Monday, 7 August 2023

Stockholm Syndrome

Bibby Stockholm is obviously someone's drag name. But whose, and why? Stephen Kinnock's, perhaps? Even a Kinnock could perform the task that this one has been paid to complete, and confirm the Official Opposition's support for the barge, thereby enabling that floating Grenfell Tower to start piling up its kindling.

Not sending people to Rwanda may be replaced with not sending them to Ascension Island. Then again, it may not be. And the increased fines for employing illegal immigrants, or for renting to them, are an admission that the measures up to now have been a failure.

In the right-wing media's own terms, Suella Braverman barely manages to talk the talk, much less does she walk the walk. A white man like her would be torn to pieces by the Daily Telegraph, the Daily Mail and GB News. How very woke they are.

The Stop The Boats demonstrators against the Bibby Stockholm are GB News viewers. That station will go into its first General Election as the media Right goes into every General Election, urging its audience to vote for a party that it had spent the previous years lacerating as a bunch of weaklings, backsliders, traitors and sell-outs.
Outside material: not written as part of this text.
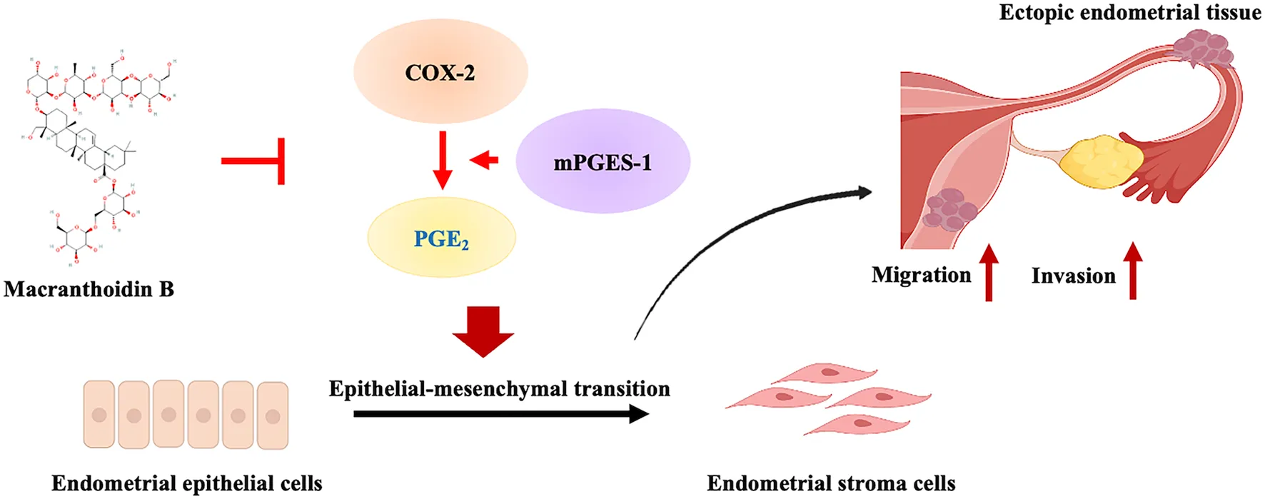 In this study, macranthoidin B significantly reduced the formation and ameliorated the pathological structure of ectopic endometrium. Moreover, macranthoidin B also decreased E2 and raised PROG levels. In addition, macranthoidin B hindered invasion and metastasis of endometrial cells. This was attributed to the blockade of epithelial-mesenchymal transition via COX-2/PGE2 pathway.

Yet there is a concerted campaign to take down GB News before the Election campaign began in earnest. That may not moisten the eyes of those of us who, despite holding a position vastly more common in the population at large, could not begin to dream of a Freeview channel. But it is notable, in the way that the debanking both of Nigel Farage and of Gina Miller is notable, welcoming them and theirs to our world, and making the case for the revival of Post Office accounts, for a far greater role for the State in the sector, and so on.

What impact have the "populist" outlets had? Any ostensible shift away from gender self-identification has been by a party that was not in government. Meanwhile, the governing party continues to enforce it, without anything so vulgar as a parliamentary vote. That is no doubt as true of the Home Office as it is of any other Department of State. Someone ought to look into that. The whole concept has arisen only under the Conservatives. It was unknown in 2010, or even in 2015.

As to what has inspired the unreliable Labour change of heart, who knows? The number of actual votes cast for Labour has gone through the floor under Keir Starmer, so any increase may be the only ever sign that #LabourLosingWomen was anything more than a hashtag. Or it may be any of 100 other things.

At 45, I had always assumed that we would win this one in my lifetime. But I am less and less certain. The other side enjoys the full force of the State and of a cultural sector that it very largely funds. That double force was what turned England from, in 1530, an extravagantly Catholic country of many centuries' standing, to, by 1560, a country that would define itself as fundamentally anti-Catholic for the next 400 years. Again I say that that State is the Tory State, there having been no other for as long as the notion of gender self-identification has existed. There is no suggestion of a Government Bill or amendment to enact into law the rhetoric of Braverman, of Kemi Badenoch, or, almost but pointedly not quite, of Rishi Sunak.

But when I tell you that there is going to be a hung Parliament, then you can take that to the bank. I spent the 2005 Parliament saying that it was psephologically impossible for the Heir to Blair's Conservative Party to win an overall majority. I predicted a hung Parliament on the day that the 2017 General Election was called, and I stuck to that, entirely alone, all the way up to the publication of the exit poll eight long weeks later. And on the day that Sunak became Prime Minister, I predicted that a General Election between him and Starmer would result in a hung Parliament.

To strengthen families and communities by securing economic equality and international peace through the democratic political control of the means to those ends, including national and parliamentary sovereignty, we need to hold the balance of power. Owing nothing to either main party, we must be open to the better offer. There does, however, need to be a better offer. Not a lesser evil, which in any case the Labour Party is not.